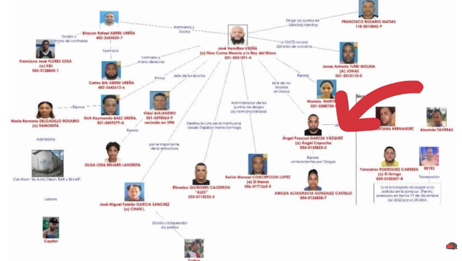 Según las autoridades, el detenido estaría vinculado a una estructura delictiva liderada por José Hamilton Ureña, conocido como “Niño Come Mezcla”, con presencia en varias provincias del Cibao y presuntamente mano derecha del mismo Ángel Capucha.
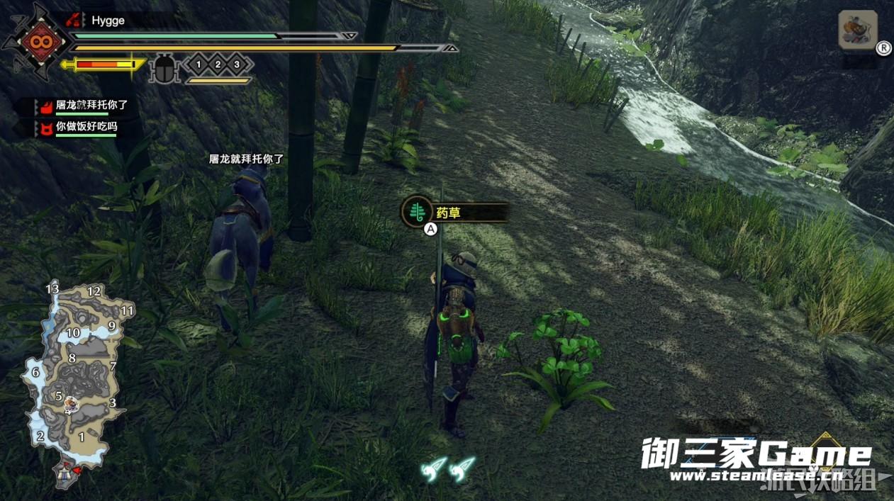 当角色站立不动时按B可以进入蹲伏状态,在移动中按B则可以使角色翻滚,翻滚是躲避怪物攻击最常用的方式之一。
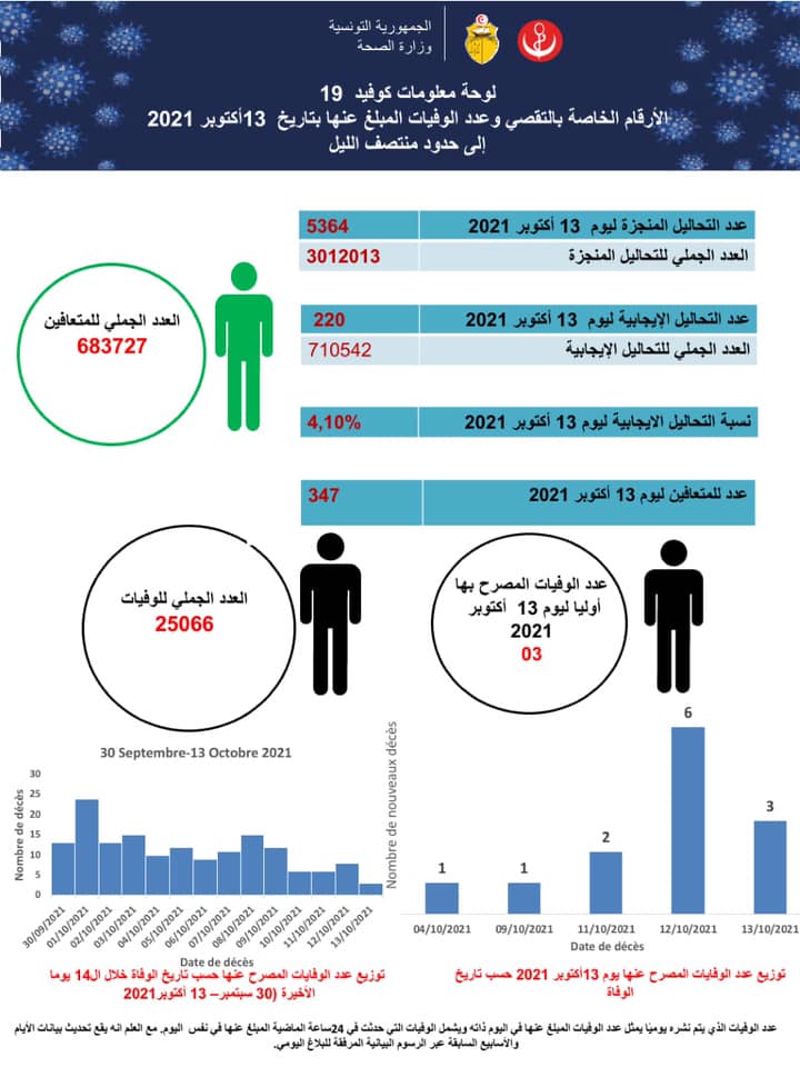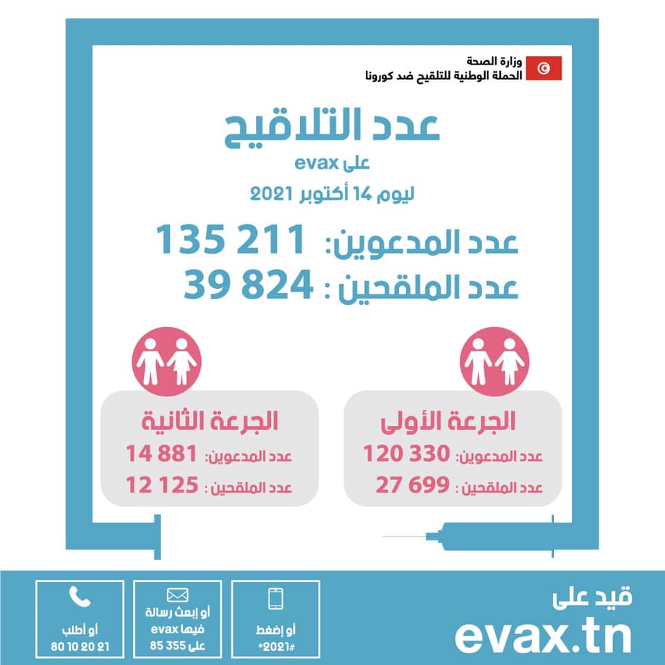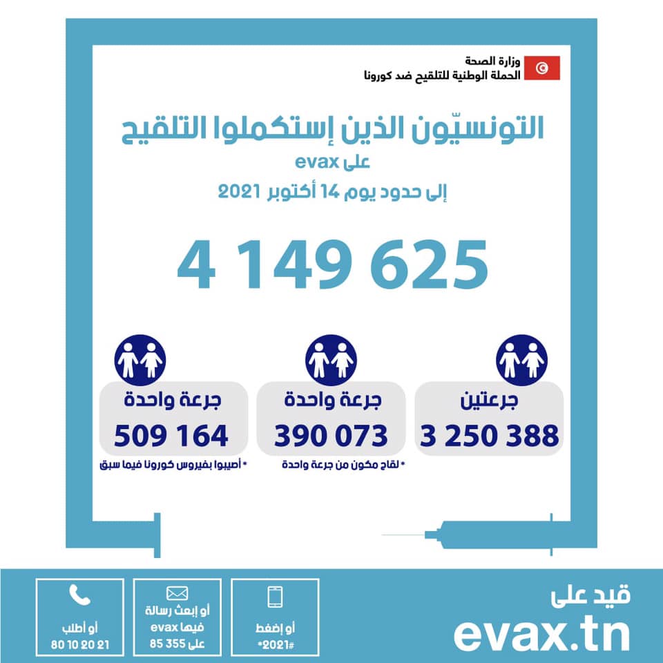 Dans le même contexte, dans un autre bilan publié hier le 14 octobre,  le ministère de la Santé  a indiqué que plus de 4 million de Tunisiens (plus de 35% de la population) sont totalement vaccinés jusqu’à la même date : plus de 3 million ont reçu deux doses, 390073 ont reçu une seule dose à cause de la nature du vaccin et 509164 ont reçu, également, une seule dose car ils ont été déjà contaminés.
___
- _EXERCISE PROMPT_
Every line above is to be given again exactly, apart from the pictures.

- _PROBLEM SOLUTION_
 Según las autoridades, el detenido estaría vinculado a una estructura delictiva liderada por José Hamilton Ureña, conocido como “Niño Come Mezcla”, con presencia en varias provincias del Cibao y presuntamente mano derecha del mismo Ángel Capucha.
 当角色站立不动时按B可以进入蹲伏状态,在移动中按B则可以使角色翻滚,翻滚是躲避怪物攻击最常用的方式之一。
 Dans le même contexte, dans un autre bilan publié hier le 14 octobre,  le ministère de la Santé  a indiqué que plus de 4 million de Tunisiens (plus de 35% de la population) sont totalement vaccinés jusqu’à la même date : plus de 3 million ont reçu deux doses, 390073 ont reçu une seule dose à cause de la nature du vaccin et 509164 ont reçu, également, une seule dose car ils ont été déjà contaminés.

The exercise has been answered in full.